12:13am Thursday 24 October 2019

Cancer Therapy Advances Thanks to SUNY Downstate Researchers

The new therapy is the result of more than 10 years of research by the SUNY Downstate Medical Center team headed by Edward Quadros, PhD, research professor of medicine, and research scientist Jeffrey Sequeira, MS. The SUNY Downstate team has been focused on targeting the vitamin B12 pathway for the treatment of cancer.

Georges Benarroch, president and CEO of Kyto, complemented the SUNY Downstate scientists and the SUNY Research Foundation for their contributions and support for more than a decade.

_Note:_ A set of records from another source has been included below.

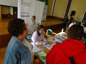 Przedstawiciele Państwowego Funduszu Rehabilitacji Osób Niepełnosprawnych podczas Targów Pracy przekazywali informacje o przywilejach oraz wsparciu przysługującym osobom z niepełnosprawnością ze środków PFRON, m.in. w ramach programu pn.: „Aktywny Samorząd”, realizowanego przez powiatowe centra pomocy rodzinie oraz miejskie ośrodki pomocy rodzinie.
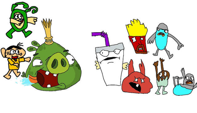 Next up, AQUA TEEN HUNGER FORCE. The show was okayz and I HEARD IT WAS FUNNY/AWESOME. My favorite Characters on Aqua Teen Hunger Force are Meatwad and Master Shake CAUSE THEY SERIOUSLY NEED TO BE AWESOME. Meatwad CAN TRANSFORM TO ANYTHING while Master Shake TAKES A MILLION YEARS TO WALK. (I'm just saying.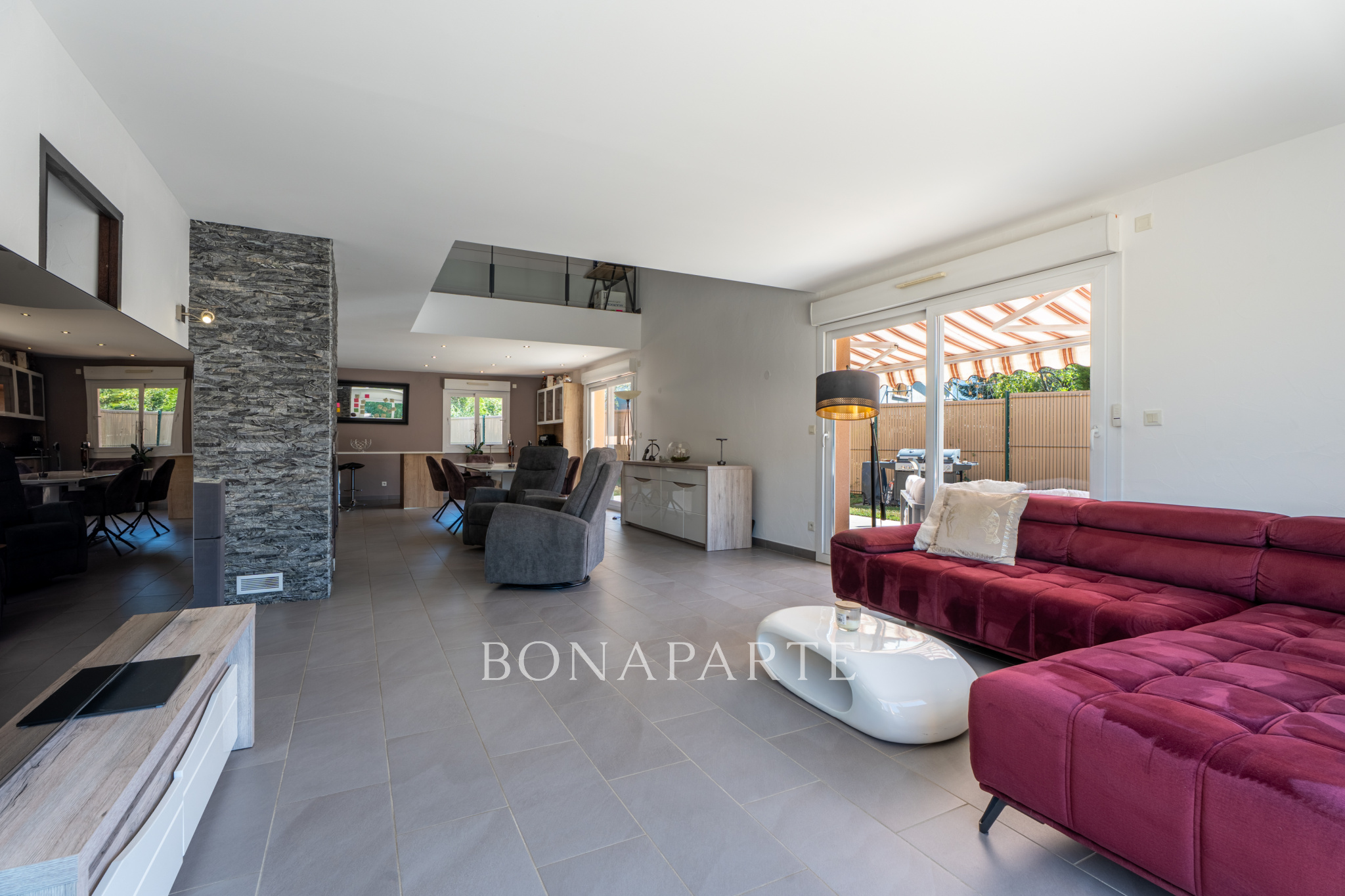 À seulement 7 minutes de la douane de Bardonnex et 20 minutes du centre de Genève, cette villa contemporaine de 2007 de 353 m2 habitables (386 m2 utiles) s'implante sur un terrain arboré et clos de 1028 m2 avec piscine et jacuzzi. Située en bout d'impasse dans un environnement résidentiel calme et recherché, elle séduit par ses volumes, sa luminosité et ses prestations haut de gamme.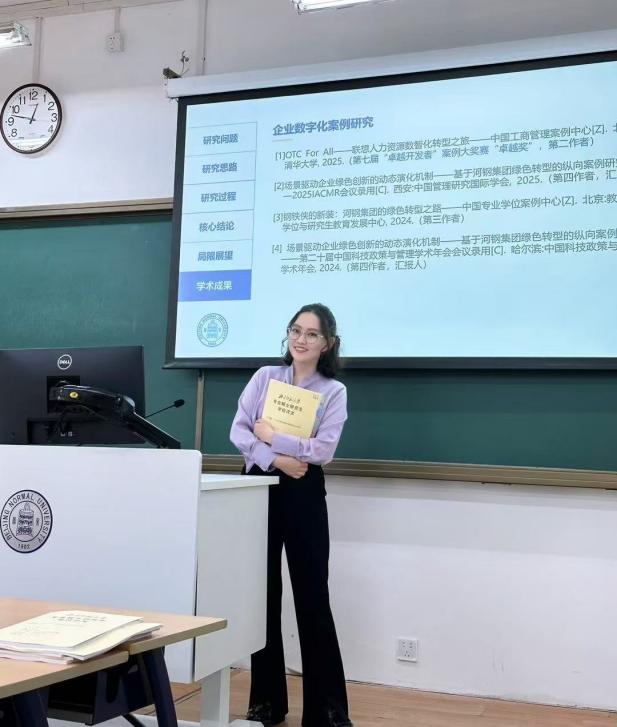 MBA教育以实践为核心,而孙杨的学术之路始于一次偶然的文献阅读。“一天晚上做市场营销作业时,我在朋友圈分享《管理世界》的一篇文章,周老师看到后稍感惊讶,同时鼓励我结合工作经验深入探索,这成为我参与案例开发的起点。”在导师引导下,在我院MBA“实践反哺理论、学术赋能应用”的培养教育思路中,她用“OTC For All——联想人力资源数智化转型之旅”“场景驱动企业绿色创新的动态演化机制”等实战课题,躬身实践“知行合一”的理念。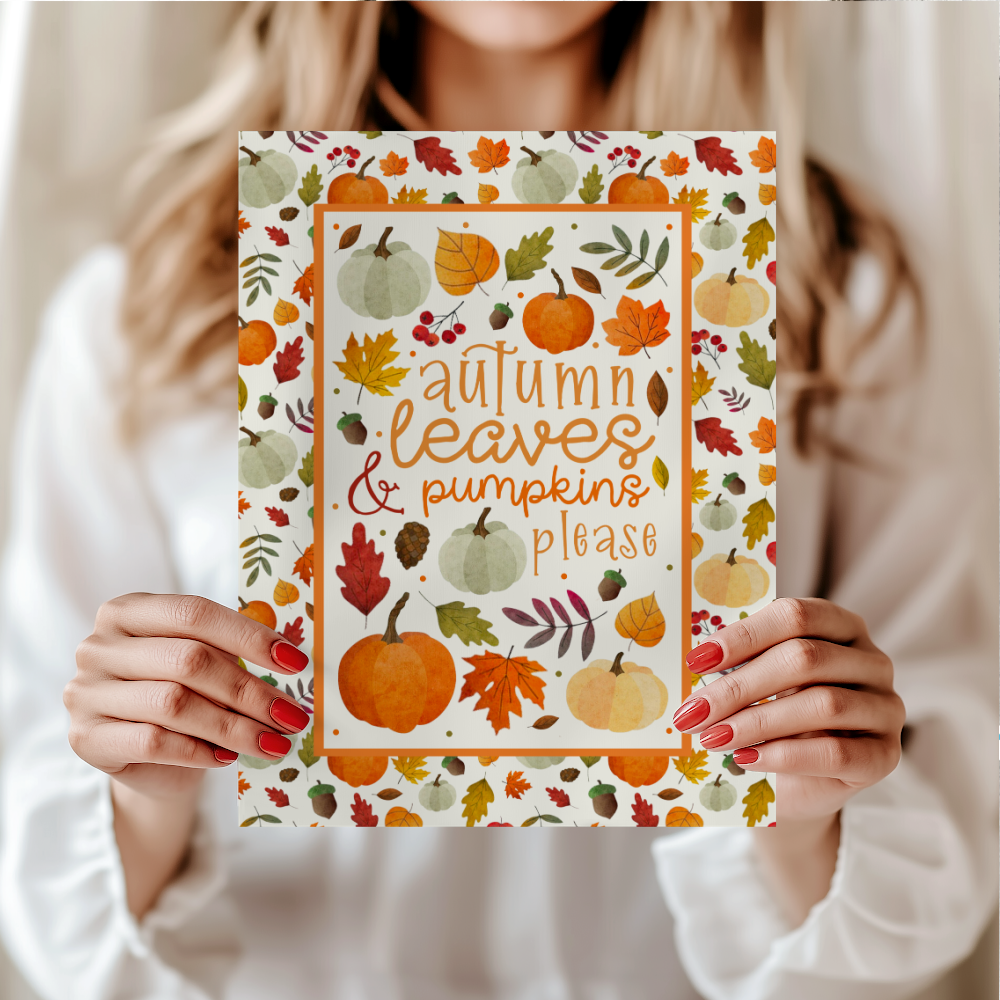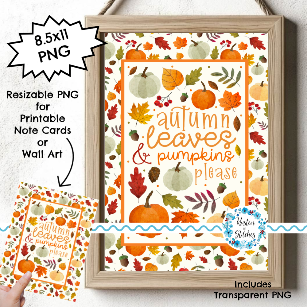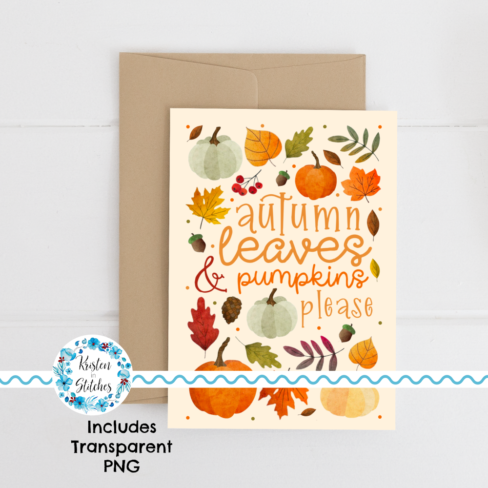 Printable Cards and Wall Art, PNG Transparent Graphics, Autumn Leaves and Pumpkins Please
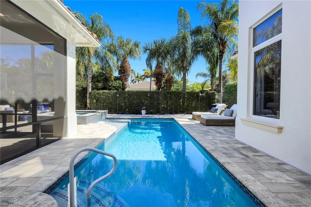 Outdoors, the private screened lanai serves as a true resort-style sanctuary. Enjoy tranquil sunrises and the soothing sound of a landscaped waterfall, all surrounding a newly refinished pool, spa, and pool deck—thoughtfully updated to create an elevated entertaining experience.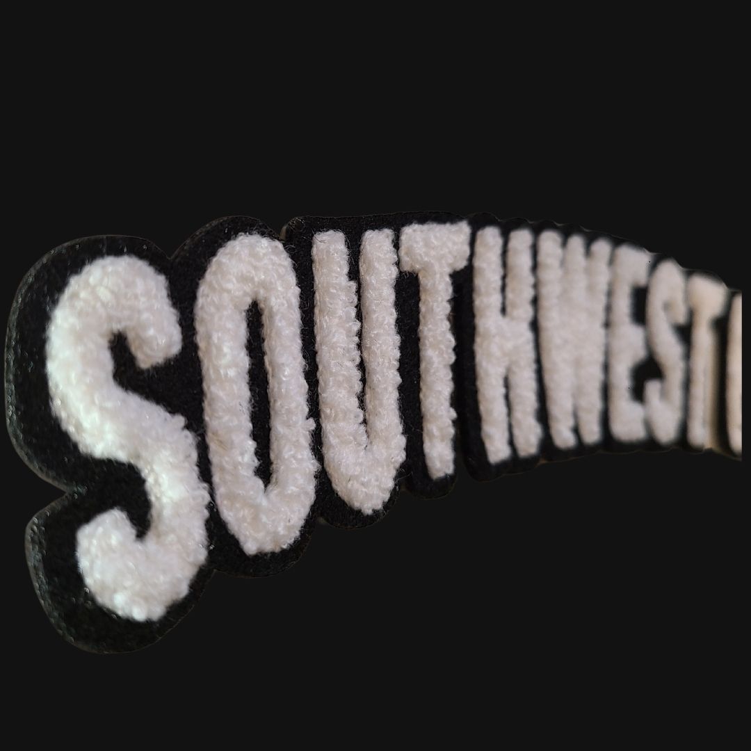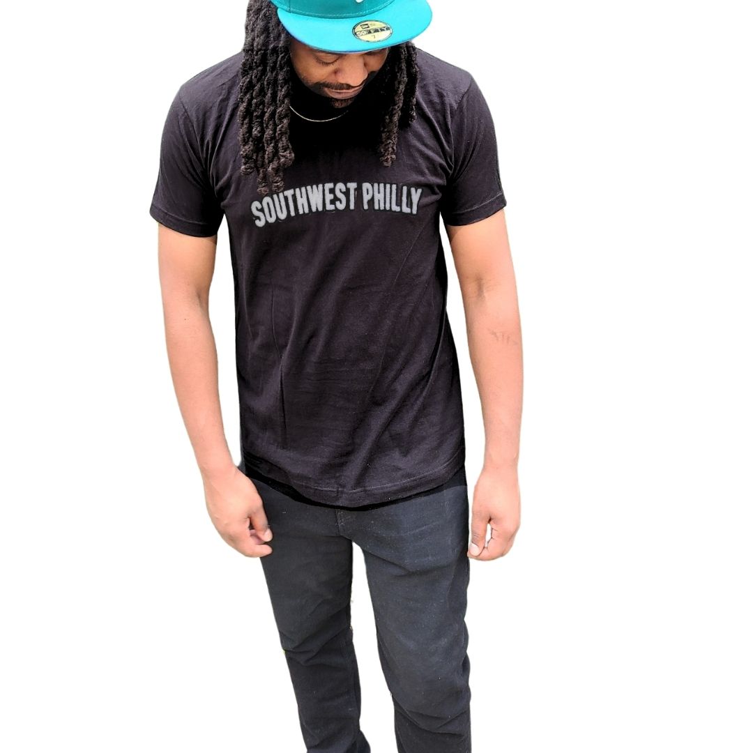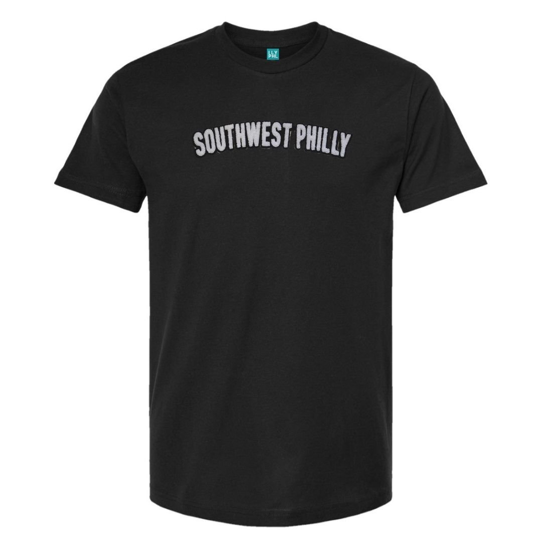 Unisex cut black t-shirt with “Southwest Philly” in our standard font on the chest in soft-touch chenille embroidered patch.

Kyto Biopharma, Inc., is a Florida-based biotechnology company operating from Toronto, Canada, and developing monoclonal antibody therapies for the treatment of various forms of cancer. Vitamin B12 regulates one of two major cellular pathways for the recycling of folates, the cell’s primary source of carbon and the progenitor for the synthesis of DNA. The newly identified Transcobalamin receptor (CD320) is over expressed in a host of various forms of cancer cells and serves as a viable target for development of therapeutic monoclonal antibodies to deliver toxins and chemotherapeutic drugs.

Dr. Quadros received his Ph.D. from the University of London, UK, and his research training at Westminster Medical School, London, and at the Scripps Clinic and Research Foundation, La Jolla, California. He has made seminal contributions to our current understanding of vitamin B12 and folate metabolism and genetic abnormalities involving these vitamins. His current research is focused on targeting B12/folate pathways in cancer therapy and understanding the role of these vitamins in embryonic development and brain function.

Commenting on the current accomplishments, Dr. Quadros noted, “Inhibiting the folate pathways has been effective in treating numerous cancers for decades but the strategy lacks the specificity and targeting demanded of newer approaches. Cell cycle-associated over-expression of the receptor for B12 uptake in certain cancers provides enhanced targeting and could reduce systemic toxicity.”



SUNY Downstate Medical Center, founded in 1860, was the first medical school in the United States to bring teaching out of the lecture hall and to the patient’s bedside. A center of innovation and excellence in research and clinical service delivery, SUNY Downstate Medical Center comprises a College of Medicine, Colleges of Nursing and Health Related Professions, a School of Graduate Studies, a School of Public Health, University Hospital of Brooklyn, and an Advanced Biotechnology Park and Biotechnology Incubator.

SUNY Downstate ranks ninth nationally in the number of alumni who are on the faculty of American medical schools.  More physicians practicing in New York City have graduated from SUNY Downstate than from any other medical school.